Book Review: A Court of Thorns and Roses

Genre: Young Adult; Fantasy; Romance

Rating: 5 stars

A thrilling, seductive new series from New York Timesbestselling author Sarah J. Maas, blending Beauty and the Beast with faerie lore.
When nineteen-year-old huntress Feyre kills a wolf in the woods, a beast-like creature arrives to demand retribution for it. Dragged to a treacherous magical land she only knows about from legends, Feyre discovers that her captor is not an animal, but Tamlin—one of the lethal, immortal faeries who once ruled their world.
As she dwells on his estate, her feelings for Tamlin transform from icy hostility into a fiery passion that burns through every lie and warning she’s been told about the beautiful, dangerous world of the Fae. But an ancient, wicked shadow grows over the faerie lands, and Feyre must find a way to stop it . . . or doom Tamlin—and his world—forever.
Perfect for fans of Kristin Cashore and George R. R. Martin, this first book in a sexy and action-packed new series is impossible to put down!

Review:

Sarah J. Maas has done it again. I don’t know how she has managed to break my heart with every book that she writes.
The plot was flawless. It was a retelling in the way that The Lunar Chronicles (by Marissa Meyer) is a retelling; key points of the original story are there, but everything else has been created by the author. The parts of The Beauty and the Beast that were used were twisted and hardly recognizable, made to fit into a completely new setting and storyline- again, much like that of The Lunar Chronicles.
The book was slow-moving and filled with tension, every word building for the grand finale. The pace is understandable because a) it is the first novel in a fantasy series, which requires a lot of world and character and plot building, and b) the original story (or at least, the Disney movie) is also slow and uneventful. Fortunately, Maas added much more action than the movie had, but again it is concentrated towards the end, when the whole story pretty much blows up in your face. It was great.
The characters in this novel were just like those in Maas’ Throne of Glass series- well developed, full of secrets, and extremely difficult to resist loving (as a reader). Feyre (FAY-ruh) is smart and full of life.
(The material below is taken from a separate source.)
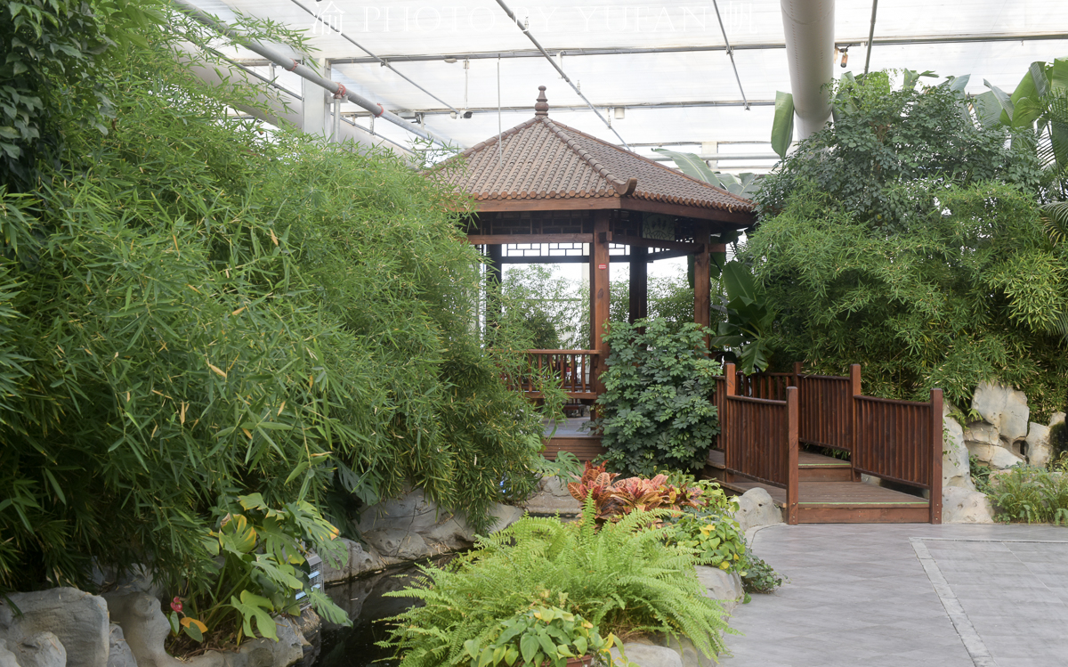 如果逛累了,还可以在里面用餐,餐厅的环境也是小桥流水、亭台楼榭、绿树红花、曲径通幽,一幅江南水乡的模样,与外面的冰天雪地简直是两个世界。

Reading the whole book from her first person perspective was an unexpected treat. She sees the world in bright colors and sharp angles and light, in a way that is a little (but not very) reminicent of Jude and Noah of I’ll Give You the Sun (by Jandy Nelson). I wish Maas had gone into the painting a little more, but maybe it will come up in a later novel. Feyre brings heart to this book, and it was wonderful to read. She grows a lot in the course of the novel, of course finding love and losing it, questioning herself, and more importantly, where she fits into the grand scheme of life. As for Tamlin, the love interest, I fell for him hook, line, and sinker. I don’t want to say too much about him because most of his character development is towards the end. I will say that he is gorgeous, even with a mask plastered on his face.
When all is said and done, I cannot say that I prefer this series over Throne of Glass (although the latter has an unfair advantage of having 4 books out). Still, it is easily one of my favorite books this year and I highly recommend it to any fantasy lovers out there. You won’t be disappointed.